Hello, my friend… so glad you're with me today. This is By God's Call — day 52, More of Him.
"He must increase, but I must decrease." John 3:30.
Let that land. He must. Not he should. Not it would be nice. Must. And the man who said it wasn't broken, wasn't beaten. It was John the Baptist — the greatest prophet Israel had seen — and he said it with his joy made full. With peace. With a clarity most of us spend our whole lives searching for.
Think about who John was. Crowds left Jerusalem to find him in the wilderness. People waded into the Jordan just to be near him. He had a voice, a movement, a weight of authority that very few people in history have carried. And then Jesus starts drawing everyone. John's own disciples come to him worried — "Teacher, look, everyone is going to him." And John is not shaken. Because John knew who he was: the friend of the groom. Not the groom.
And there's the freedom. When you really know your role — when you hold it honestly, deep down — you don't have to compete. You don't have to guard your place or chase your recognition. John wasn't losing. John was finishing. Like the morning star that burns bright in the dark sky and pulls your gaze toward the horizon — not toward itself, but toward where the sun is coming. When the sun rises, the morning star isn't defeated. It did what it came to do.

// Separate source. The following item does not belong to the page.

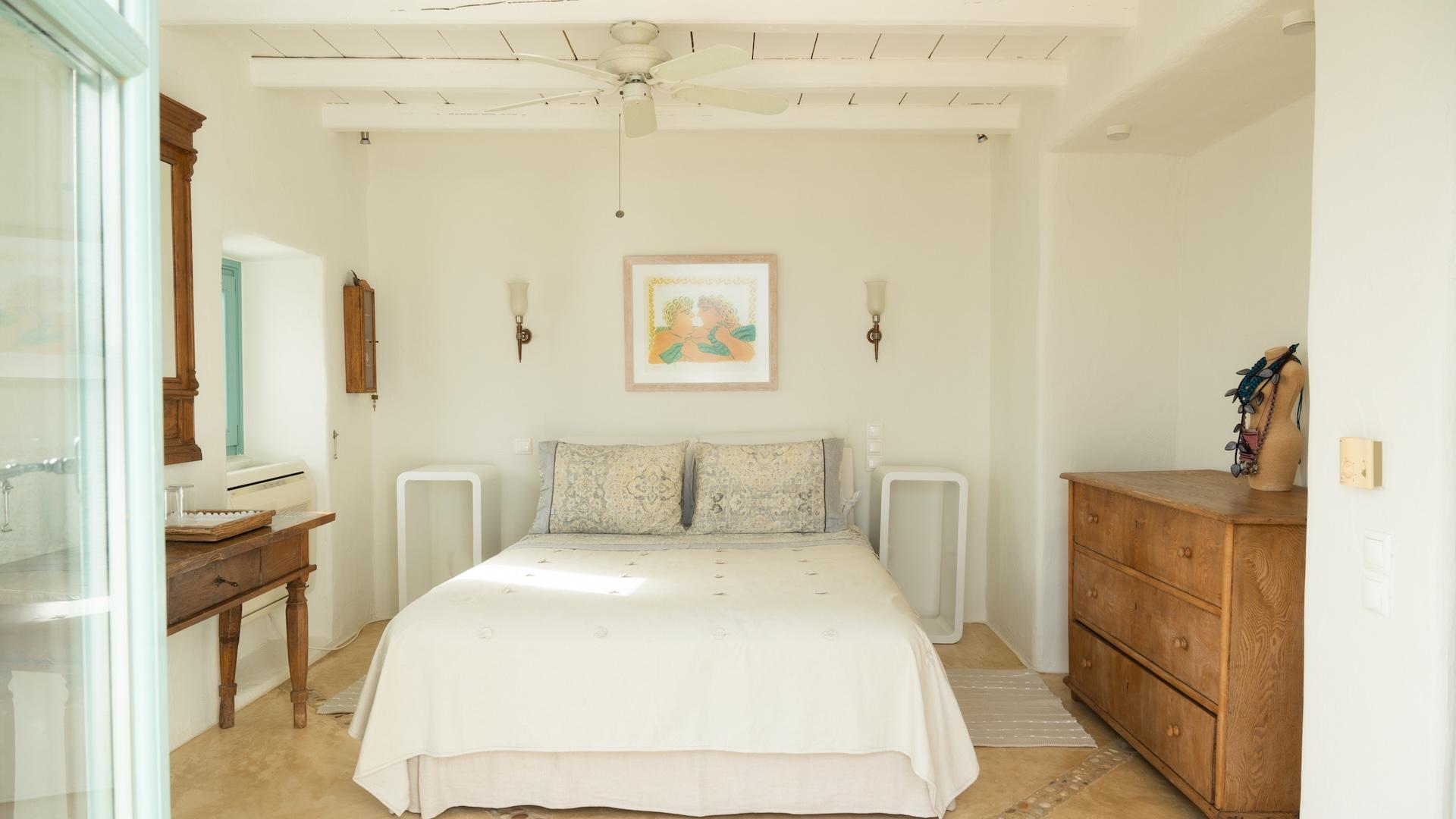 1 Guest Bedroom with King size bed, A/C and en-suite bathroom (shower). Direct access to a small private terrace with sea view

And this is where the Word reaches us today. Because our instinct runs the other way. Our instinct is to grow, to be seen, to be credited, to be remembered. That's not wickedness — that's being human. But the Spirit calls us toward something different. Christ increases in us — not through one great dramatic surrender, but through the small ones. An opinion you let go. Credit you pass to someone else without making a point of it. A silence you choose when you could have made it about yourself. In those small daily surrenders, Jesus takes up more room. And we, a little less.
Ask yourself today — in every conversation, every meeting, every message you send — where am I pointing? Toward myself, toward what I've done, toward what I think? Or toward him? Humility isn't pretending you have nothing to offer. Humility is redirection. It's being able to say: whatever is good in me came from him — and him I will point to.
So today, before breakfast, before the day gets loud, do one thing: open to John 3, verses 27 through 30, read it slowly, and name — out loud or on paper — one area of your life where the spotlight needs to shift to Jesus today. Maybe it's at work. Maybe it's at home. Maybe it's a relationship, a project, a gift you carry. Just one area. Put it in his hands. And let him grow there.
Stay close to God. Pray — then act. I'll see you tomorrow, my friend.